The configuration about could be done as:
WSGIScriptAlias /api/ /srv/app/wsgi/app2.wsgi
WSGIScriptAlias / /srv/app/wsgi/app1.wsgi
BTW, I presume you meant them to refer to different WSGI script files.
Also, for '/api/‘, that would result in SCRIPT_NAME being ‘/api’, with
remainder of URL being in PATH_INFO. In other words, the WSGI application will
not see itself as notionally being mounted at the root of the site.
If you wanted both WSGI application to think they were mounted at the root of
the site, you would use:
WSGIScriptAlias /api/ /srv/app/wsgi/app2.wsgi/api/
WSGIScriptAlias / /srv/app/wsgi/app1.wsgi
Note that not sure if need to trailing slash on end of last argument of first
line. Shouldn’t harm anything if not needed I don’t think, but do check.
I don’t remember how WSGIScriptAliasMatch does the breaking up between
SCRIPT_NAME and PATH_INFO and where it can causes surprises. Thus why suggest
it be avoided unless no choice.
> Most examples (on mod_wsgi docs) and from seeing configuration of
> mod_wsgi-express and frameworks like werkzeug seem to suggest that a WSGI app
> should have a single WSGI endpoint, and then perhaps use a middleware to
> wrap/dispatch the routes?
If you are talking about taking two distinct WSGI applications, implementing
micro services, which you so happen to just want to appear under different URL
(sub URLs) of the one site, I completely disagree with the idea that you must
composite them together by using a WSGI middleware that grafts them into the
same process.
The use of WSGI middleware to graft together what are really distinct service
end points is really a result of the limitations of any WSGI server used.
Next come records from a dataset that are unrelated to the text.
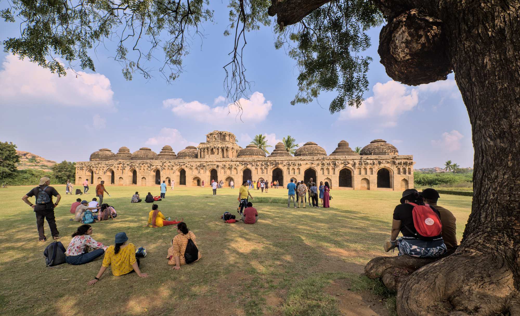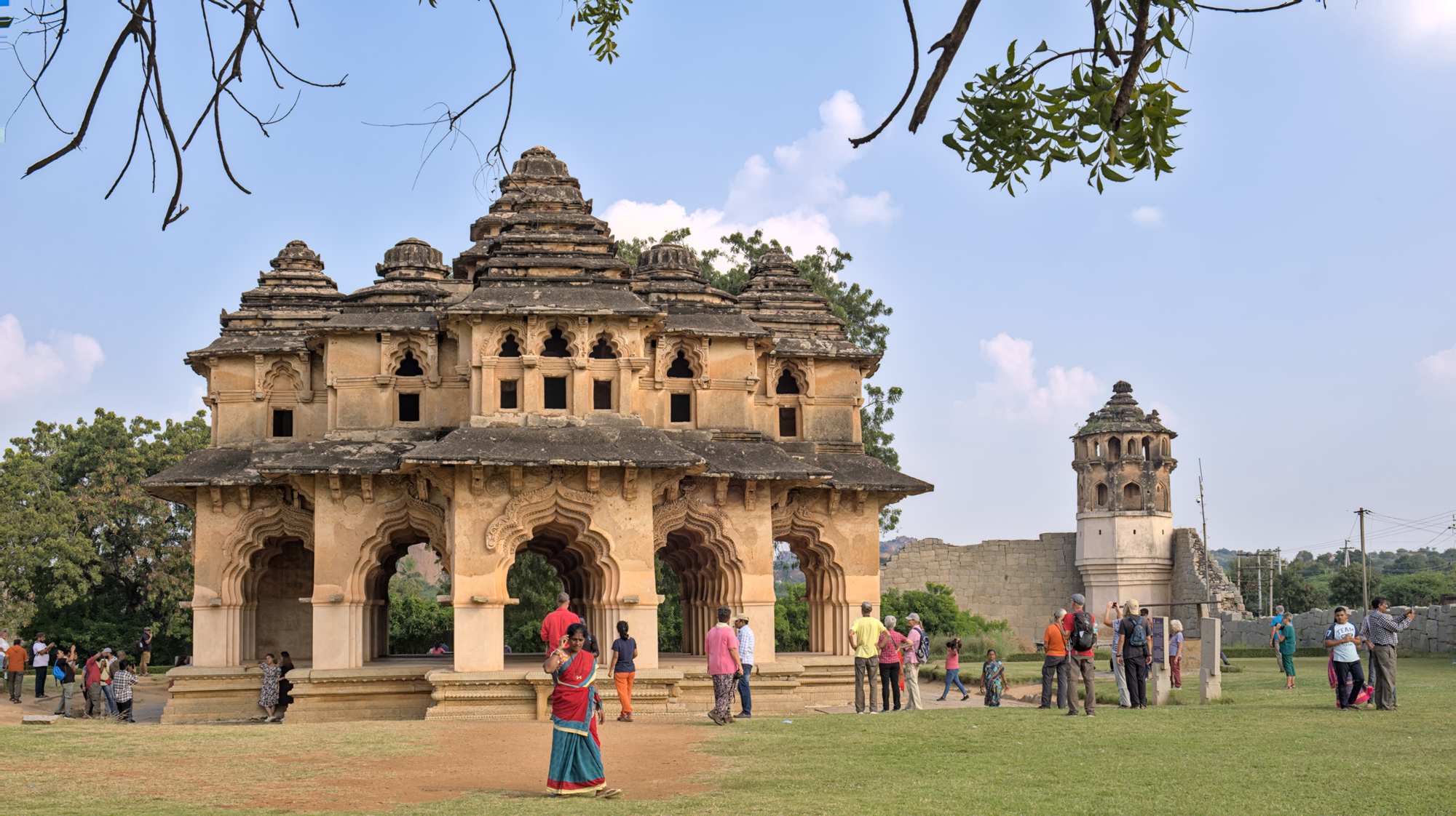 Lotus Mahal und Wach Tower. Daneben der Stall für die königlichen Elefanten. Die unterschiedlichen Dachhauben finden wir besonders interessant.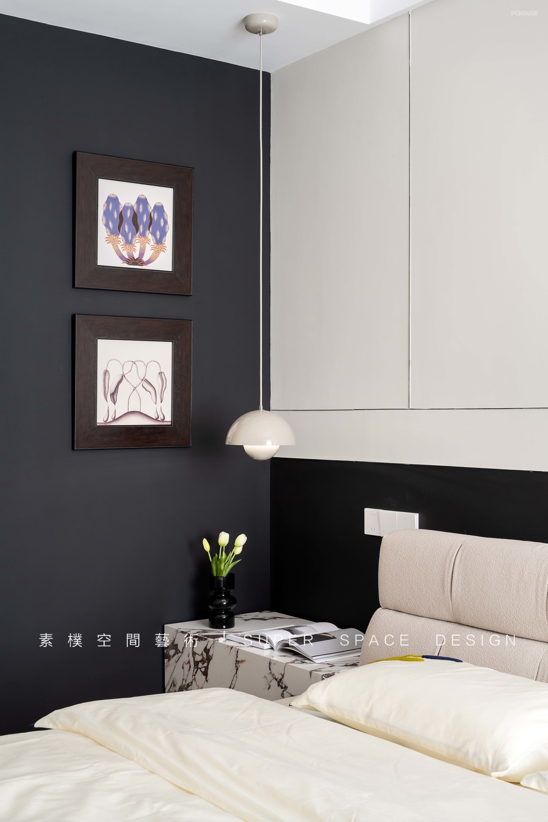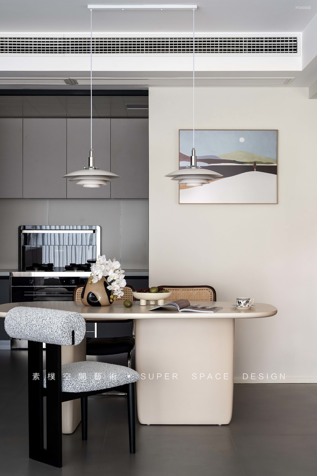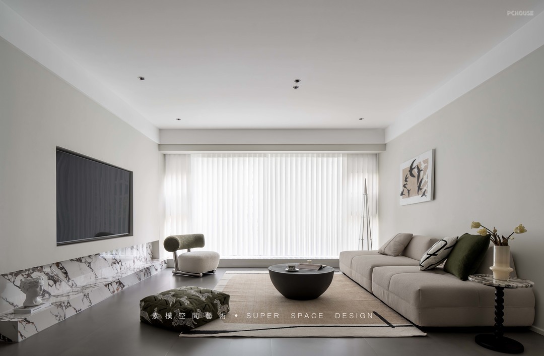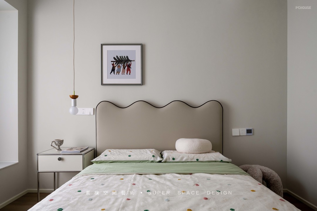 在设计上,大面积采用柔和的奶白色,再搭配米色的沙发、美拉德色系的茶几和地毯,以及充满原创感的落地灯;低饱和度的挂画、自然感的坐垫和单椅作点缀,升华和对比的视觉并不冲突,反倒让空间更加灵动。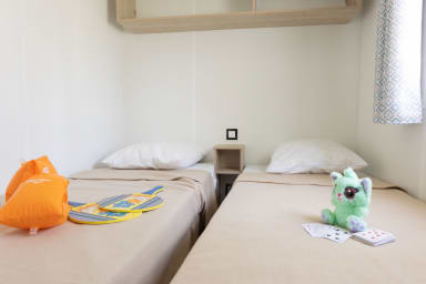 Situé dans un environnement de camping familial et animé, le logement peut être exposé à un bruit ambiant modéré, lié à la vie du site, aux structures de jeux et d’escalade ainsi qu’aux dispositifs de surveillance, contribuant à une atmosphère conviviale et sécurisée.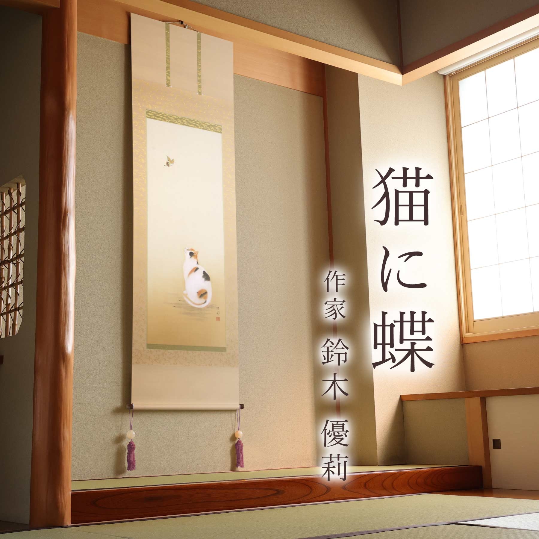 | 容量 | 掛け軸「猫に蝶」 鈴木優莉 尺五立 サイズ:54.5×190cm 桐箱付 |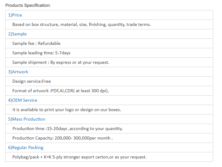 Tenga en cuenta que todas las imágenes de productos que publicamos en nuestra web son solo para su referencia sobre el tipo de embalaje que fabricamos, y no significa que vendamos el mismo producto en stock. Podemos personalizar cualquier tamaño, color, impresión o estructura de embalaje de papel.
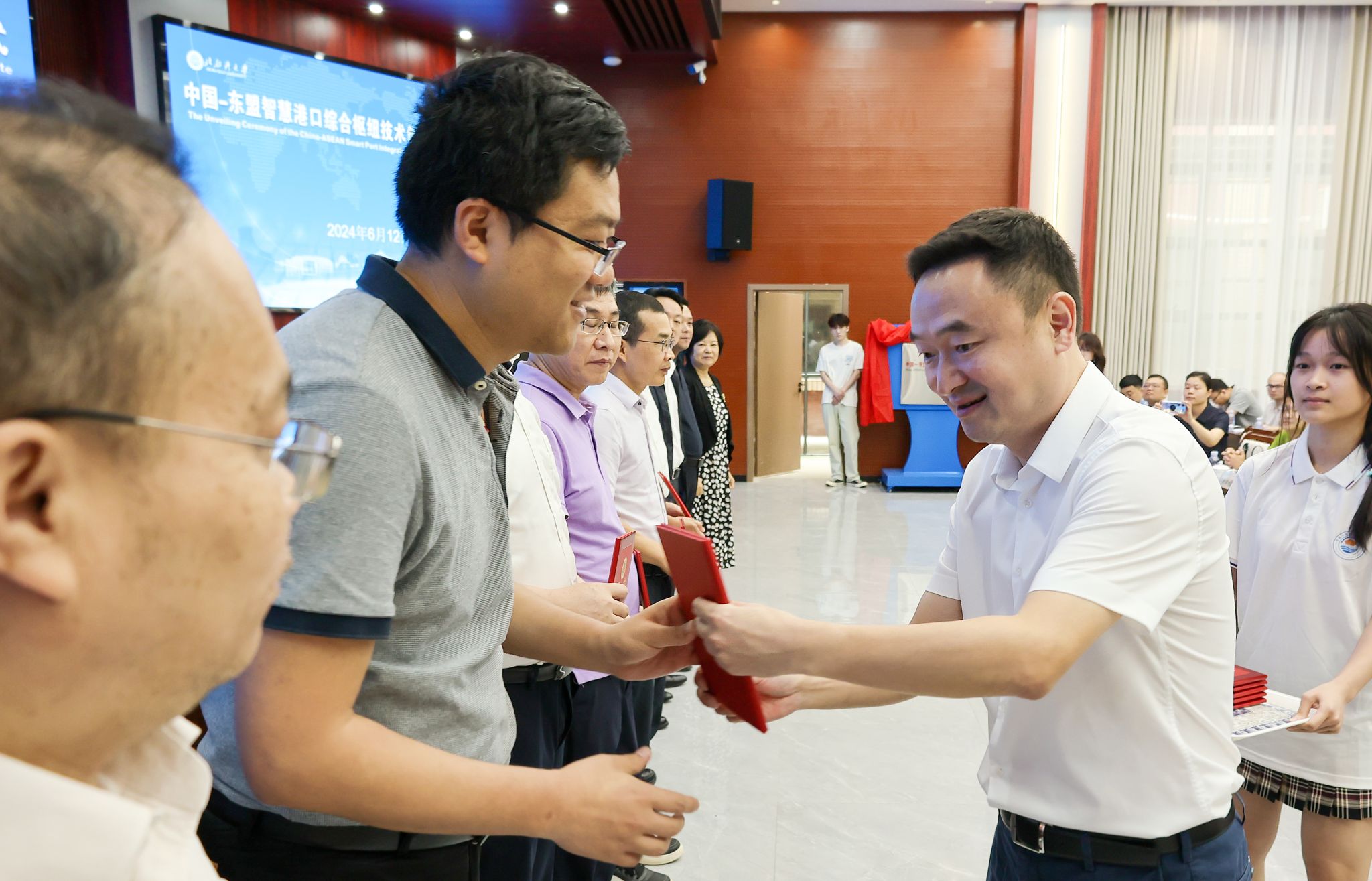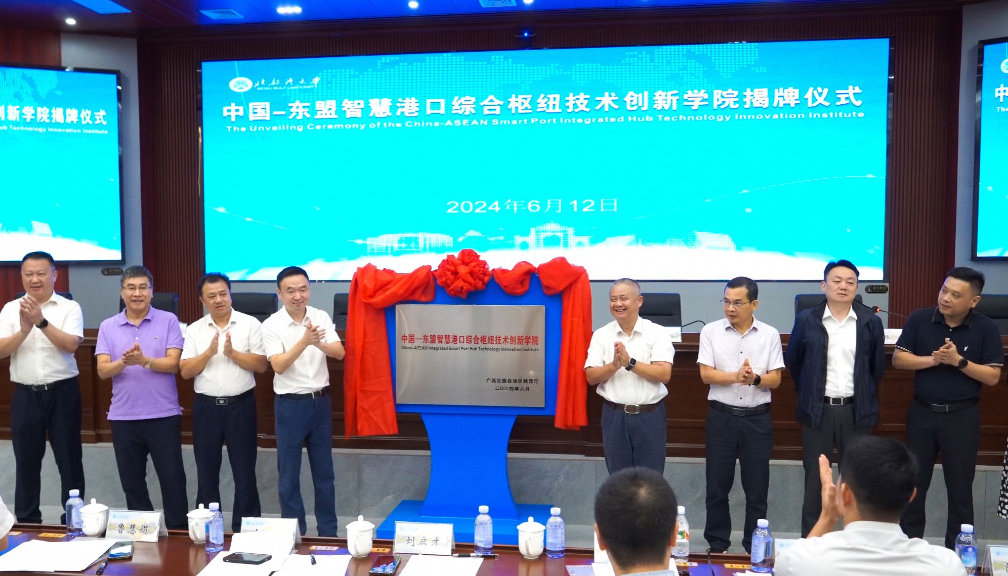 6月12日,“中国-东盟智慧港口综合枢纽技术创新学院揭牌仪式暨第一届理事会成立大会”在beat365官网办公楼一楼报告厅隆重举行。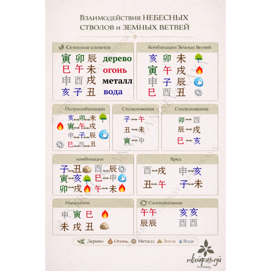 | Комбинации Земных Ветвей | 🐀 子 + 🐂 丑=земля 🐯 寅 + 🐖 亥=дерево 🐍 巳 + 🐒 申=вода 🐎 午 + 🐐 未=огонь | 🌍 Земля 🌳 Дерево 💧 Вода 🔥 Огонь |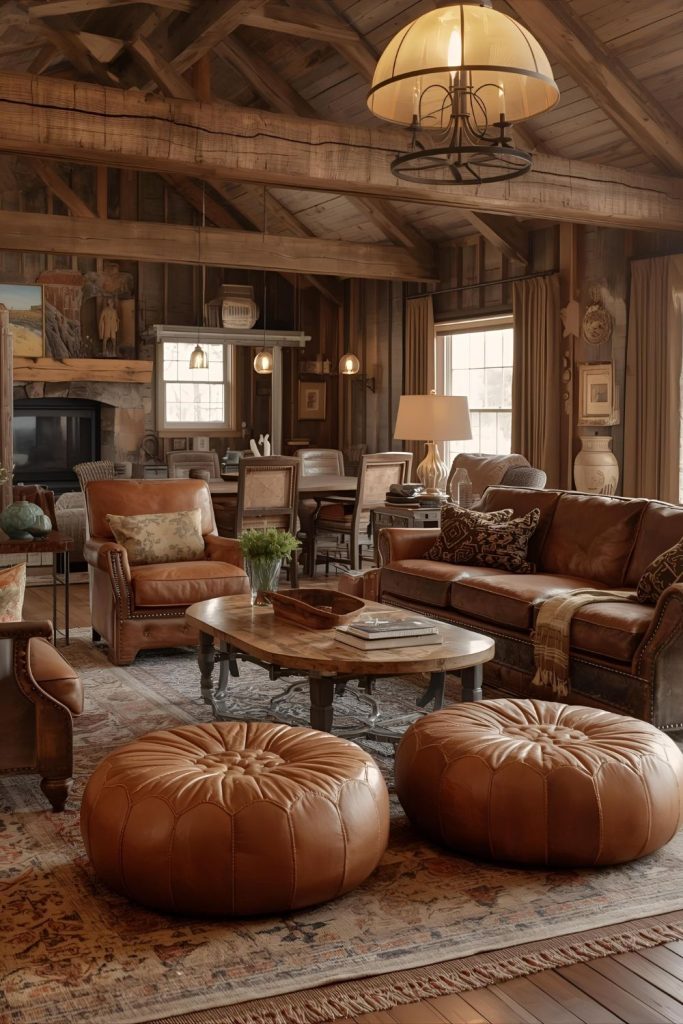 Leather poufs give you extra seating without taking up much space. Their soft shapes and natural tones support a western living room ranch style. You can place them near the coffee table or on each side of the fireplace. They blend well with leather furniture and wood floors. Their flexibility makes them useful for guests or for resting your feet. They help the room feel relaxed and welcoming.

In
Apache/mod_wsgi you don’t need to do that as you can handle it at the Apache
level, plus use rely on mod_wsgi to then separate the separate WSGI
applications into separate Python interpreter namespaces in the same process,
or better still, have them run in separate daemon process groups.
WSGIDaemonProcess api process=3 threads=3
WSGIDaemonProcess main processes=2 threads=2
WSGIScriptAlias /api/ /srv/app/wsgi/app2.wsgi process-group=api
application-group=%{GLOBAL}
WSGIScriptAlias / /srv/app/wsgi/app1.wsgi process-group=main
application-group=%{GLOBAL}
The reason using separate daemon process groups for each is so much better than
using a WSGI middleware within one interpreter context is that you can then
separately control the number of processes/threads used for each.
This flexibility is very important because those different WSGI applications,
web UI and REST API may have entirely different profiles for the amount of
traffic, whether they are CPU or I/O bound, length of response times etc. To
think they are the same and bundle them in the one process means you aren’t
likely going to be as readily tune the WSGI server to the best that you might.
That said, even within one WSGI application or another, there can be widely
different requirements as well. In that case, even further dividing up the URL
name space so that you separate work done across daemon process groups based on
things like CPU usage, response times etc can help. This is something that is
impossible to do with a WSGI server such as gunicorn by itself.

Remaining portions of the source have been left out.